**What is being asked:**
The whole listing that follows, pictures excepted, should be printed again exactly as given.

____

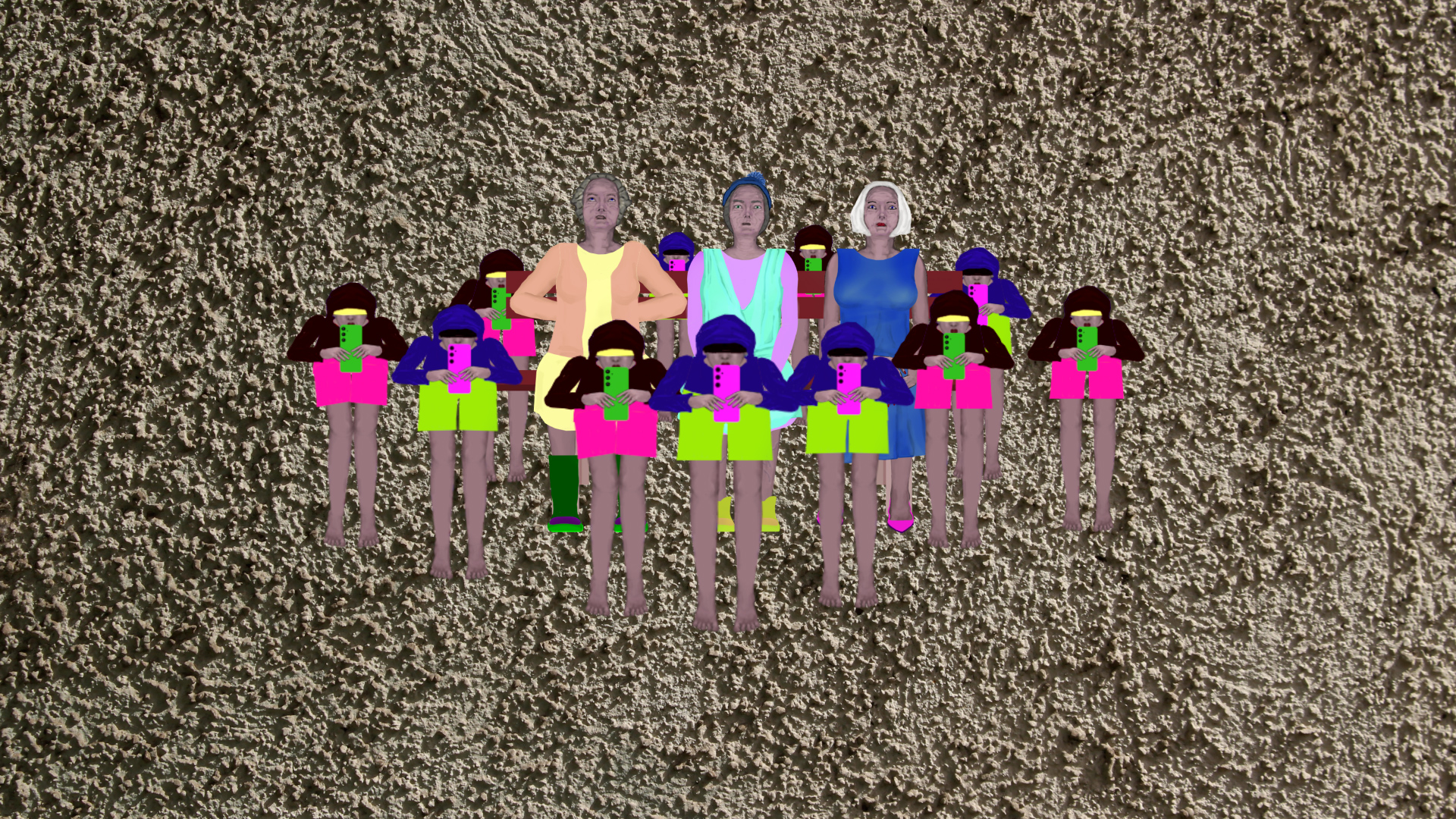 People meet in front of a wall, for whose selfies no danger is too great for them and no pose too embarrassing. Three elderly women silently watch the crazy goings-on from a park bench until they finally become part of the mobile phone madness themselves.
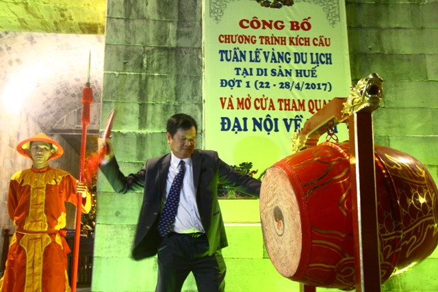 Ông Nguyễn Dung, Phó Chủ tịch UBND tỉnh đánh trống bắt đầu chương trình mở cửa Đại Nội về đêm
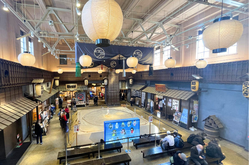 JR両国駅に直結する「両国江戸NOREN」では、江戸の町屋をイメージした空間の中に飲食店や土産店が集まり、食事や買い物を気軽に楽しむことができます。
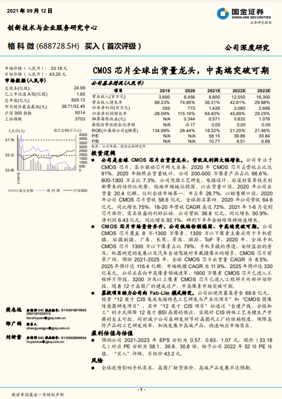 答:公司战略聚焦在手机CIS,近两年在非手机应用的CIS投入也有所增加。手机部分2-5MP市占率达到7成左右,毛利率高、出货量大;8MP由于产能限制有所收缩,目前在销售额中占比不大,但随着产能缓解,以及在国内12寸晶圆厂研发出新的8MP产品,正在一线品牌客户中推广并稳步出货;新的13MP和16MP产品会慢慢加大出货份额,市占率有望提升;32MP/64MP产品研发已到工程样片阶段,进度基本达到预期。公司非手机应用CIS包括安防监控、汽车后装市场,今年前三季度成长很快。
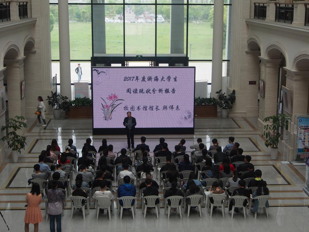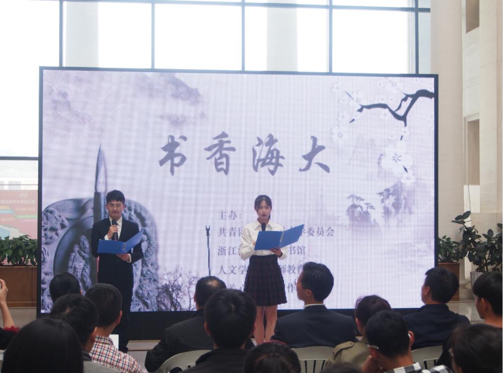 4月23日12时30分,由共青团永利集团官网委员会,永利集团官网图书馆,永利集团官网人文学院、教师教育学院,校关心下一代工作委员会主办的永利集团官网第九届“书香海大”读书活动启动仪式暨2017年度“书香榜”阅读排行发布会在图书馆一楼顺利举行。永利集团官网党委副书记吴中平,校图书馆馆长韩伟表,离退休处处长、校关心下一代工作委员会委员李灵萍,校团委书记王湖滨以及各二级学院党委书记莅临现场。

____

**Task output:**
 People meet in front of a wall, for whose selfies no danger is too great for them and no pose too embarrassing. Three elderly women silently watch the crazy goings-on from a park bench until they finally become part of the mobile phone madness themselves.
 Ông Nguyễn Dung, Phó Chủ tịch UBND tỉnh đánh trống bắt đầu chương trình mở cửa Đại Nội về đêm
 JR両国駅に直結する「両国江戸NOREN」では、江戸の町屋をイメージした空間の中に飲食店や土産店が集まり、食事や買い物を気軽に楽しむことができます。
 答:公司战略聚焦在手机CIS,近两年在非手机应用的CIS投入也有所增加。手机部分2-5MP市占率达到7成左右,毛利率高、出货量大;8MP由于产能限制有所收缩,目前在销售额中占比不大,但随着产能缓解,以及在国内12寸晶圆厂研发出新的8MP产品,正在一线品牌客户中推广并稳步出货;新的13MP和16MP产品会慢慢加大出货份额,市占率有望提升;32MP/64MP产品研发已到工程样片阶段,进度基本达到预期。公司非手机应用CIS包括安防监控、汽车后装市场,今年前三季度成长很快。
 4月23日12时30分,由共青团永利集团官网委员会,永利集团官网图书馆,永利集团官网人文学院、教师教育学院,校关心下一代工作委员会主办的永利集团官网第九届“书香海大”读书活动启动仪式暨2017年度“书香榜”阅读排行发布会在图书馆一楼顺利举行。永利集团官网党委副书记吴中平,校图书馆馆长韩伟表,离退休处处长、校关心下一代工作委员会委员李灵萍,校团委书记王湖滨以及各二级学院党委书记莅临现场。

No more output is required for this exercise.